岩洞外的风裹着血腥味灌进来,吹得篝火“噼啪”作响。
云昭用涅盘真火烘干了被煞气浸透的衣角,左臂上那道被影魔卫弯刀划破的伤口还在隐隐作痛——亏得她反应快,以血为引逼退了那魔物,否则此刻怕是已中了阴毒。萧砚坐在对面,正用布条缠紧左臂的旧伤,动作熟练得让人心疼,灰色护甲上的血迹已凝成暗痂,像干涸的泪痕。
“喝口药。”他把一只青瓷小瓶推过来,瓶里是刚用“莲芯化煞丸”化开的药汤,泛着淡金色的光。
云昭接过,仰头灌下。

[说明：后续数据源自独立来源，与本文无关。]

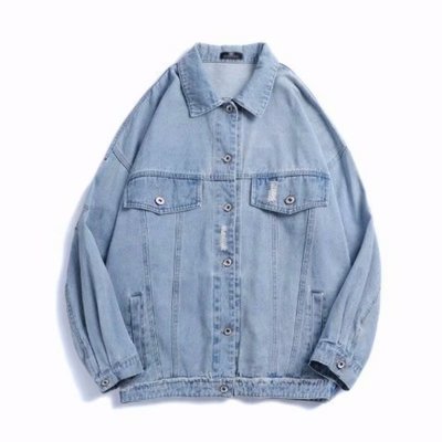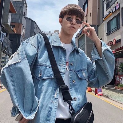 Áo khoác denim nam xu hướng áo khoác lửng lỗ phiên bản Hàn Quốc mùa xuân và mùa thu gió cá tính sinh viên trẻ trung mới - Áo khoác đôi áo bomber

药力顺着喉咙滑进胃里,温润的暖意散开,驱散了些许寒意。她这才注意到萧砚的脸色比白天更白,额角还挂着细密的冷汗,显然刚才分心护她,伤势又加重了。
“你先睡。”她把小瓶塞回他手里,从储物袋摸出最后半块“聚灵玉”,放在他掌心,“我守着。”
萧砚没接,赤金色的眼眸在火光下亮得惊人:“你刚被幻阵冲击,心神不稳,我来守。”他指了指洞口,“小羽在岩缝里睡了,有动静它会叫。”
云昭拗不过他,只好背靠冰冷的岩壁坐下,将“炎煌”剑横在膝上——虽知萧砚剑意能护住她,但握着剑,心里总踏实些。小羽从她肩头跳下,蜷在篝火旁,纯白的羽毛被火光镀上一层暖边,赤金眸半眯着,像只慵懒的猫。
岩洞外,血色峡谷的夜比白天更瘆人。煞气在黑暗中凝成实质的雾,贴着地面游走,偶尔传来几声怨灵的呜咽,像谁在哭。但洞内有篝火和萧砚的剑意,倒也算安稳。
云昭打了个哈欠,眼皮越来越沉。白天的战斗、破阵、与影魔卫的厮杀,耗尽了她最后的气力。她强撑着眼皮,看萧砚闭目调息,呼吸渐趋平稳,才敢放任自己沉入黑暗。
这一睡,却没那么安稳。
她感觉自己像一片羽毛,被无形的手托着,飘向一个既熟悉又陌生的地方。周围不再是血色峡谷的阴冷,而是暖融融的、带着淡淡檀香的风,吹得她发丝轻扬。
“这是……哪里?”她喃喃自语,发现自己竟穿着一身月白色的广袖长裙,裙摆绣着精致的凤凰纹,赤着脚踩在温润的玉石地面上,不冷也不硌脚。
抬眼望去,她彻底怔住了。
眼前是一座金碧辉煌的宫殿,飞檐翘角,雕梁画栋,每一根廊柱都盘绕着栩栩如生的金龙,琉璃瓦在阳光下折射出七彩光晕,比离火宗主峰的“离火宫”还要宏伟十倍。宫殿前的广场上,种满了赤金色的梧桐树,树叶沙沙作响,落英缤纷,铺成一条金色的地毯,一直延伸到宫殿大门。
“九宫界……”一个名字脱口而出,带着连她自己都未察觉的颤音。
这地方,她从未见过,却像刻在灵魂深处,每个角落都透着归属感,仿佛本就该在这里长大。
“阿霓,发什么呆呢?父皇和母后在正殿等你。”
一个清朗温润的男声从身后传来,带着笑意。
云昭猛地回头。
月光下,一名身着玄色锦袍的男子正含笑看着她。他身姿挺拔,剑眉星目,鼻梁高挺,薄唇噙着一抹温柔的弧度,尤其那双眼眸,像盛着星河的寒潭,亮得让人移不开眼。他手中折着一枝赤金梧桐,花瓣上还沾着露珠,递到她面前时,指尖不小心碰到她的手背,温热的触感让她心头一跳。
“阿煜?”她听见自己轻声唤道,声音里带着连自己都陌生的依赖与欢喜。
男子闻言,笑意更深:“怎么,才半年没见,就不认识我了?”他走近几步,自然而然地牵起她的手,掌心的温度透过薄薄的衣袖传来,“不是说好了,等我处理完北境魔患,就来陪你看九宫界的雪?”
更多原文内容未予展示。